The concept of tile rendering is based on dividing the image buffers into several smaller buffers that we call “tiles”. It is a technique used by GPUs of mobile devices and therefore low power consumption, resulting in significant changes in the internal organization of the graphics processor.
A quick summary of the rasterization pipeline
Tile rendering is a variant of the rasterization algorithm, which is divided into two stages:
- Global space pipeline
- Screen space pipeline
In the World Space Pipeline calculates the geometry of the scene, visualize him as a sculptor making a figure in his studio, at this stage he is not working with pixels but with vertices in a three-dimensional coordinate space.
the Screen Space Pipeline starts with rasterization, which is nothing more than the projection on the plane of the whole 3D scene, imagine for a moment that this same sculptor takes a photo of his work, obviously he has transformed his work into a two-dimensional space, since a photograph is a two-dimensional element.
But our sculptor’s camera is special, it turns out he takes black and white photos, he doesn’t take them in color, so he has to take the photos and edit them on his computer to make them look good. color, which would come to be the texturing process. Finally, the photographer brings the color photo to his printer, which would be equivalent to writing the final pixels into the image buffer.

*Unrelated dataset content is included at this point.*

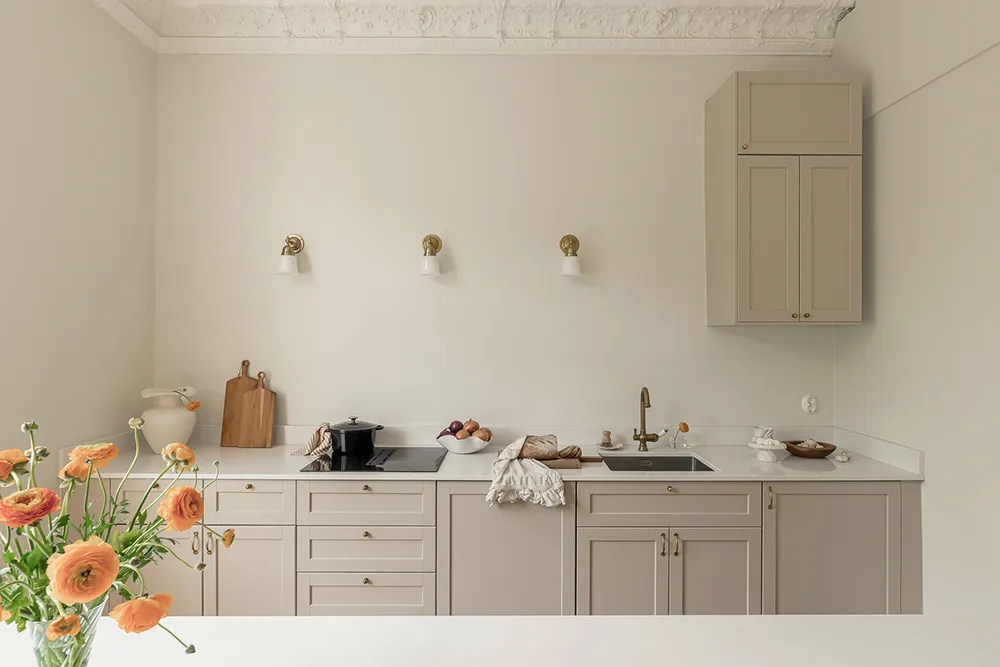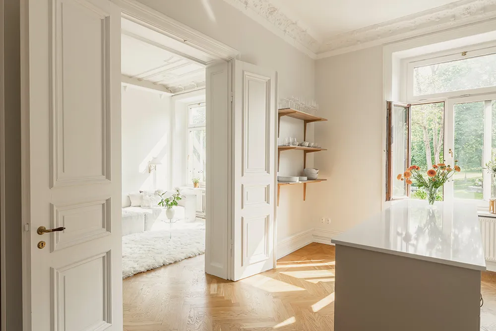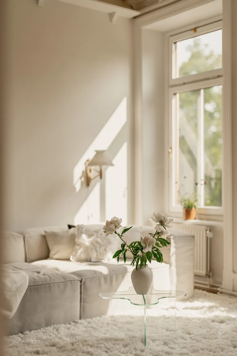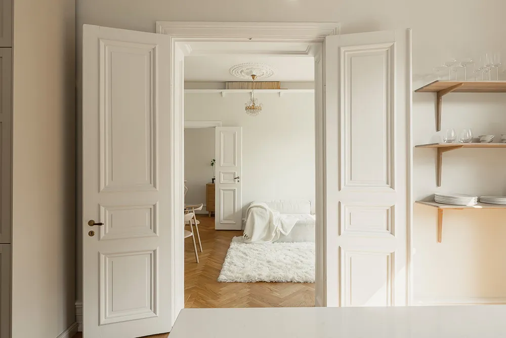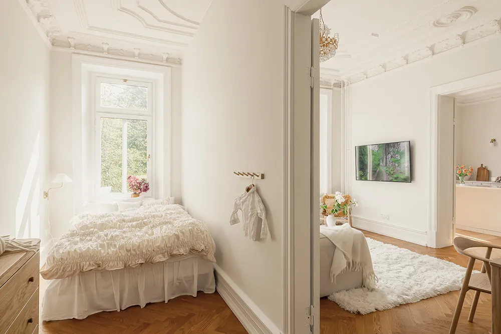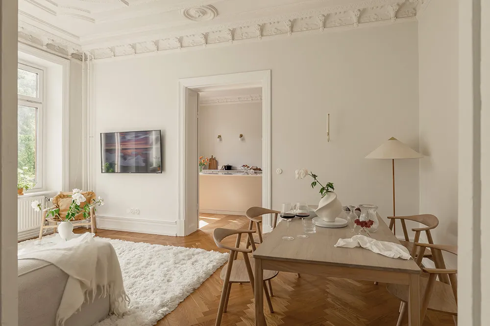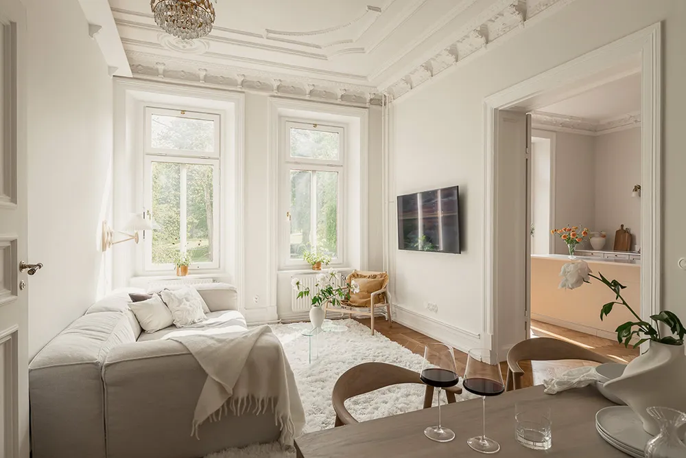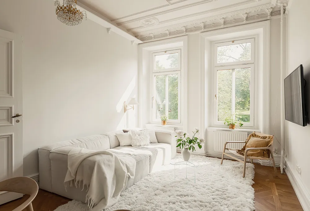Hermoso interior blanco con estucado y decoración minimalista (78 m²)

How is tile rendering different?
Tile rendering has the same steps as traditional rasterization, but adds additional steps to the graphics pipeline, making it a bit slower than traditional rasterization by having a longer pipeline.
Right after finishing the computation of the geometry of the scene, what the GPU does is order the geometry of the scene according to its position on the screen Yes create a series of new lists of screens, one for each screen thumbnail, In each of them, the geometry information is stored in this part of the screen, said buffer is generated in the VRAM.
The next step is rasterization, but in this case the tiles have just been pixelated one by one, but the advantage is that Each tile’s image buffer is small enough to fit on the GPU’s internal memory, which means that for the operations of the Color buffer and Z buffer do not require VRAM bandwidth, which allows the use of memories with less bandwidth and a considerable reduction in consumption.
In Tile Rendering-based GPUs, we can see more than once the concept “X-core GPU“It’s not actually that there are multiple GPUs on the chip, but rather that it’s designed to process x tiles at the same time during the Screen Space pipeline.
Why is tile rendering not used on desktop GPUs?
The biggest problem with tiled rendering GPUs is the process in which they order the geometry of the scene in the parameter buffer, this process requires more complex hardware the higher the geometric complexity of the scene. AAA games for PC and consoles, where GPUs that are not Tile Renderers are used, have a geometric complexity that prevents Tile Renderers from adapting in this regard as well.
In AMD and NVIDIA GPUs, what exists is tile caching, which is rasterization by tiles but with a series of differences:
- The parameter or triangle buffer is not generated.
- In tile rendering, the pixels of each tile are kept in internal memory until the tile’s screen list is resolved.
- In tile caching, the pixels go to the GPU’s L2 cache so they can switch to VRAM at any time.
At this time, nothing tells us that AMD or NVIDIA will go down the path of tile rendering.